I have attempted to follow the example given in the documentation of lmfit and produced this:
...
params.add(name="m", value=m_init, min=m_min, max=m_max)
params.add(name="mni_minus_m", value=1, vary=True, min=1e-12)
params.add(name="m_ni", expr='0.5*m + mni_minus_m') # max value of m_ni is 0.5*m
...
This resides in a function that takes args of m_max, m_min, etc.
As you can probably tell, I'm hoping for m_ni to have its maximum set as half the value of m, but otherwise being freely able to vary anywhere between zero (preferably minimum 0.1) and whatever the maximum is. Setting a min= in the intermediary parameter was suggested in a similar question for reasons of float precision(?)
Unfortunately, it seems this has actually just glued the value of m_ni to 50% of m.
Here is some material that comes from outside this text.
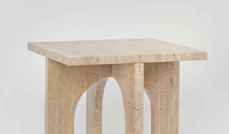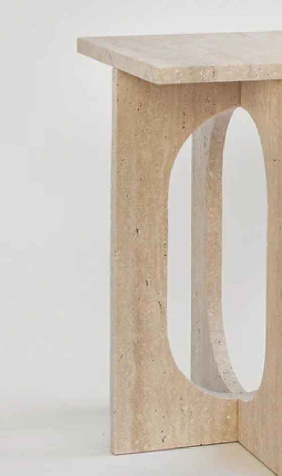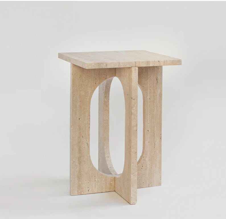 Minimalist Travertine Stone Side Table Sculptural Accent Stool Modern Coffee End Table Elegant Home Decor
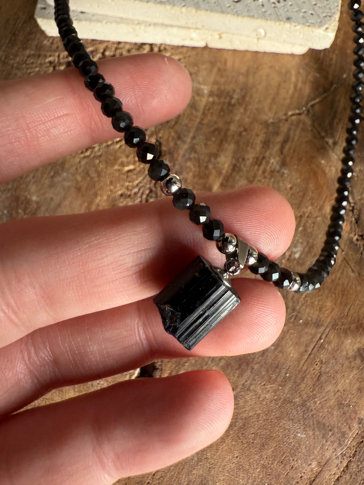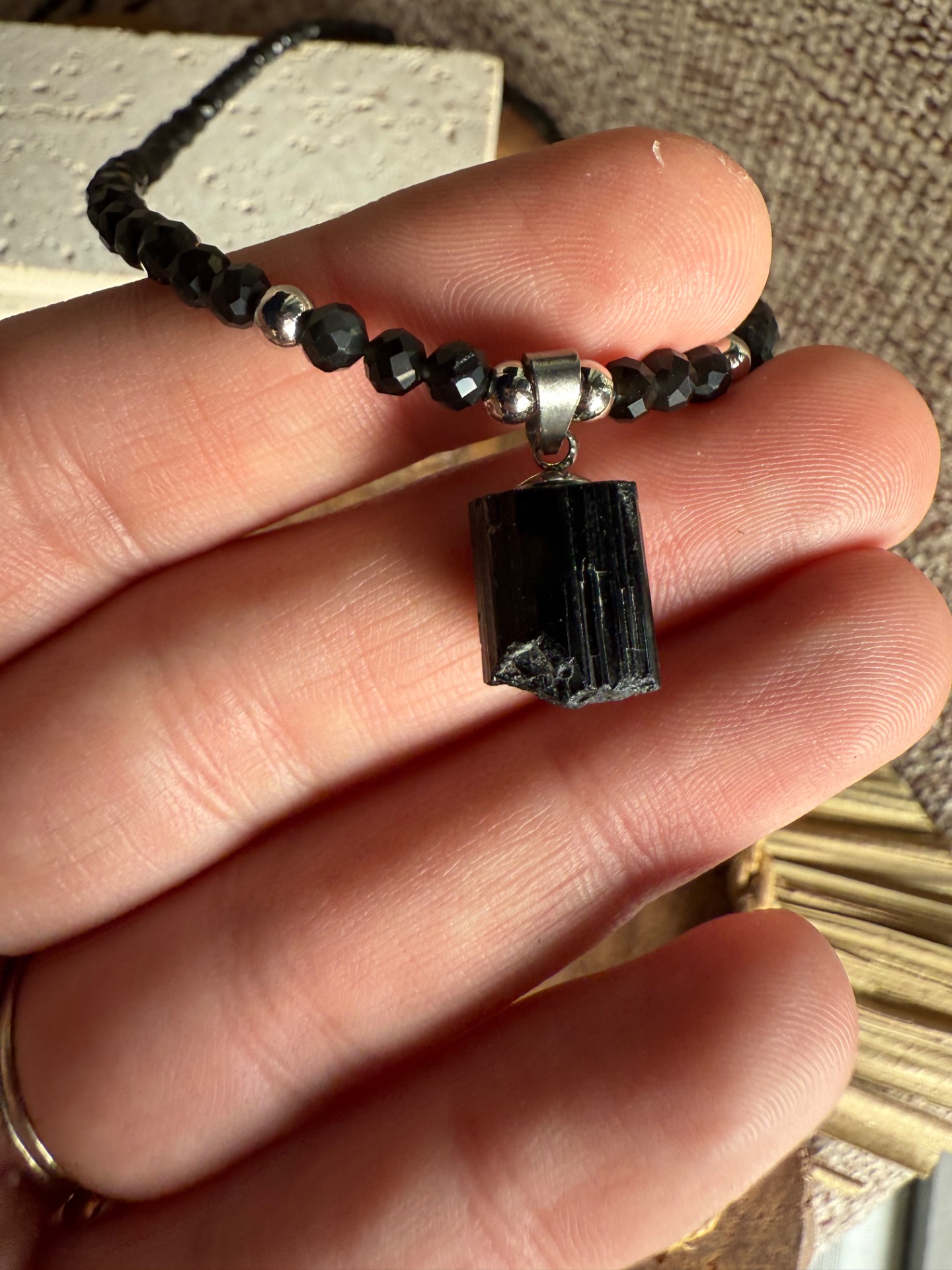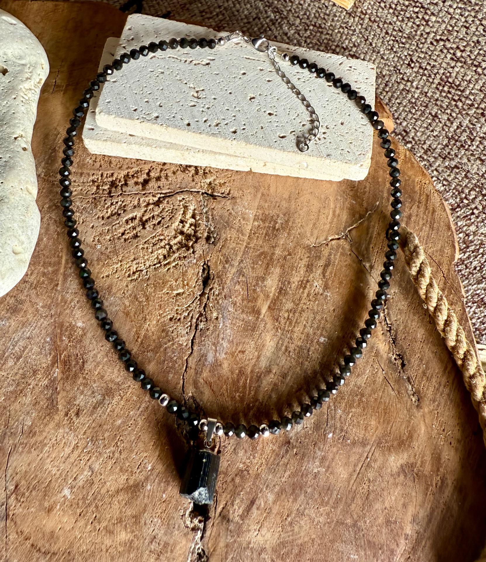 Mini prívesok z čierneho turmalínu pôsobí ako tichý ochranný symbol, ktorý ťa sprevádza počas dňa.

This seems to be the case for everything I try to fit with this.
It's entirely possible that this happened because that's just what least-squares has decided it wants to do and this is actually correct syntax, but I'm not sure and would like to verify with anyone more competent than myself.
I'm also wondering how I would set an initial value for m_ni in this scenario, as it's not exactly clear to me.
I haven't used this library but it sounds like you want
params.add(name="m", value=m_init, min=m_min, max=m_max)
params.add(name="mni_factor", min=0, max=0.5)
params.add(name="m_ni", expr='m * mni_factor')
or maybe the last one could be
params.add(name="m_ni", expr='m * mni_factor if m * mni_factor > 0.1 else 0.1')
to get your 0.1 lower bound, but I'm not sure if that's actually good for optimization behavior :)